#### ACTIVITY
From the line that holds "เหรียญเม็ดแตงมหาสิทธิโชค พระมหาสุรศักดิ์ วัดประดู่ฯ" down to the last line of the listing below, reproduce each line exactly and nothing more, omitting pictures.

#### DATASET SECTION
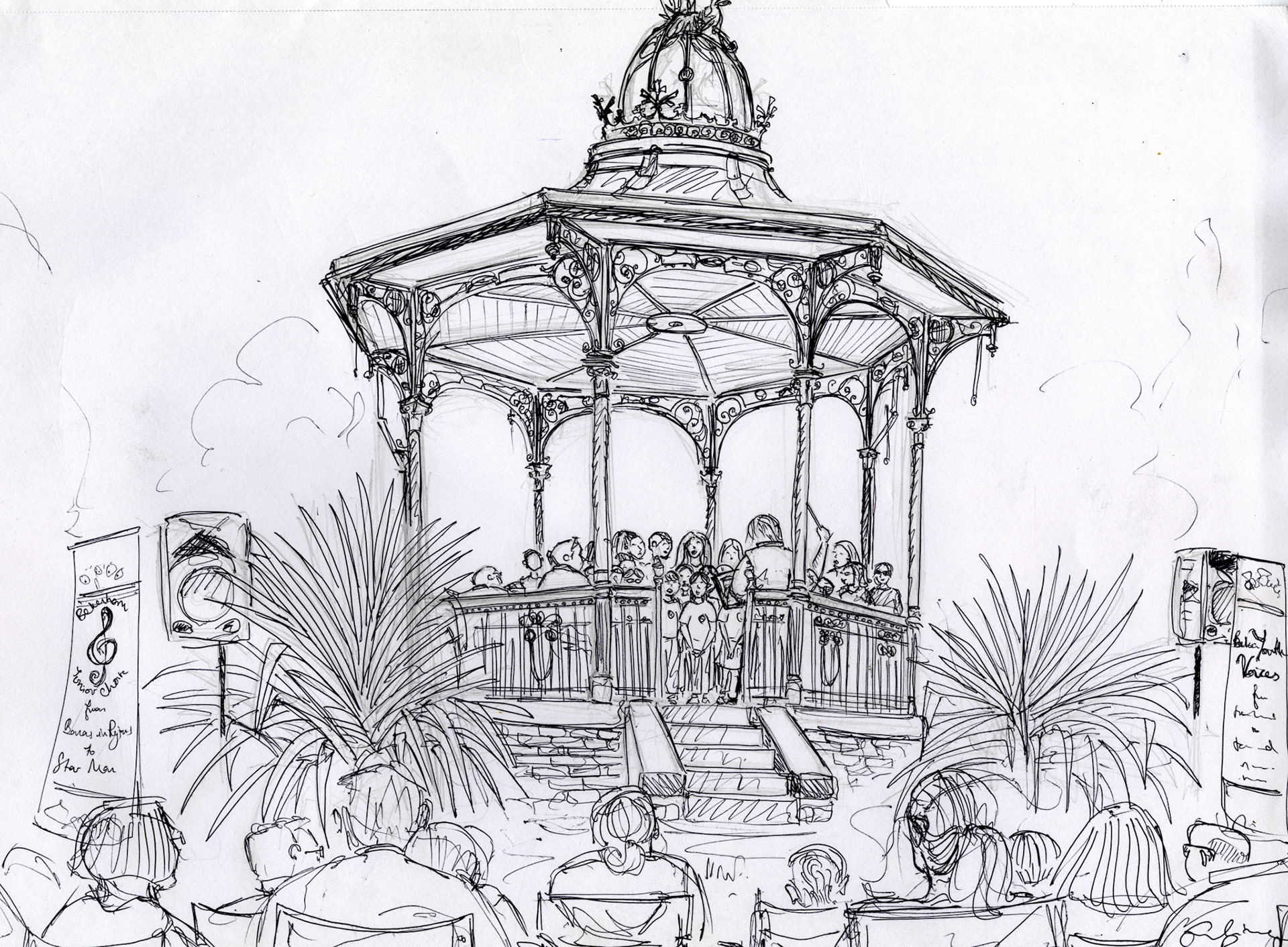 Sketches of the Hidden Door Festival (Leith, Scotland) - 'Electronic strings: Wolf and McBride playing to Metropolis', 'Watching Metropolis in the Old Leith Theatre auditorium', 'Barney's Beer Mini Van' - Blue Biro, one A4 sheet of paper, June 2017.
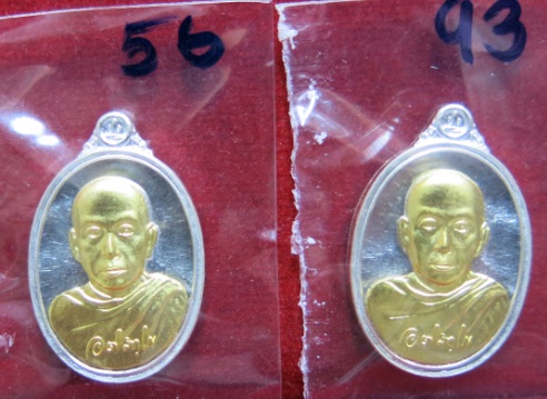 เหรียญเม็ดแตงมหาสิทธิโชค พระมหาสุรศักดิ์ วัดประดู่ฯ เนื้อเงินหน้าทองคำ เลขสองหลัก เบอร์ 56 , 93 สร้างน้อย เลขสวยๆ สองหลังหายากมากครับ
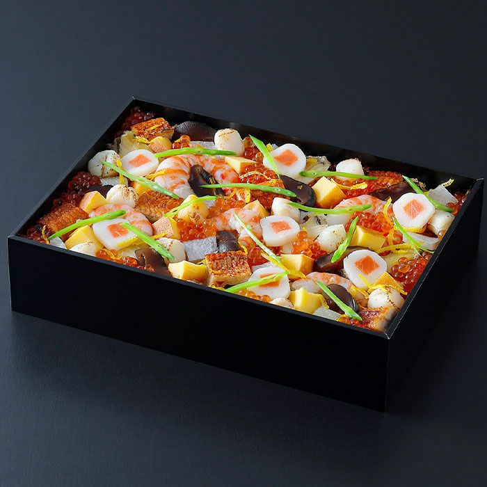 いくら、エビ、うなぎ、鮑、厚焼玉子、小鯛ささ漬、小川巻などの素材をふんだんに散りばめたちらし寿司。彩り美しい一段折は、ご家族ご友人のお集りや大切なお席に華を添えます。小さなお子様からご年配の方まで幅広くご好評いただいている下鴨茶寮謹製「華ちらし寿司」を、おもてなし料理としてご家族皆様でお愉しみください。

#### EXPECTED OUTPUT
 เหรียญเม็ดแตงมหาสิทธิโชค พระมหาสุรศักดิ์ วัดประดู่ฯ เนื้อเงินหน้าทองคำ เลขสองหลัก เบอร์ 56 , 93 สร้างน้อย เลขสวยๆ สองหลังหายากมากครับ
 いくら、エビ、うなぎ、鮑、厚焼玉子、小鯛ささ漬、小川巻などの素材をふんだんに散りばめたちらし寿司。彩り美しい一段折は、ご家族ご友人のお集りや大切なお席に華を添えます。小さなお子様からご年配の方まで幅広くご好評いただいている下鴨茶寮謹製「華ちらし寿司」を、おもてなし料理としてご家族皆様でお愉しみください。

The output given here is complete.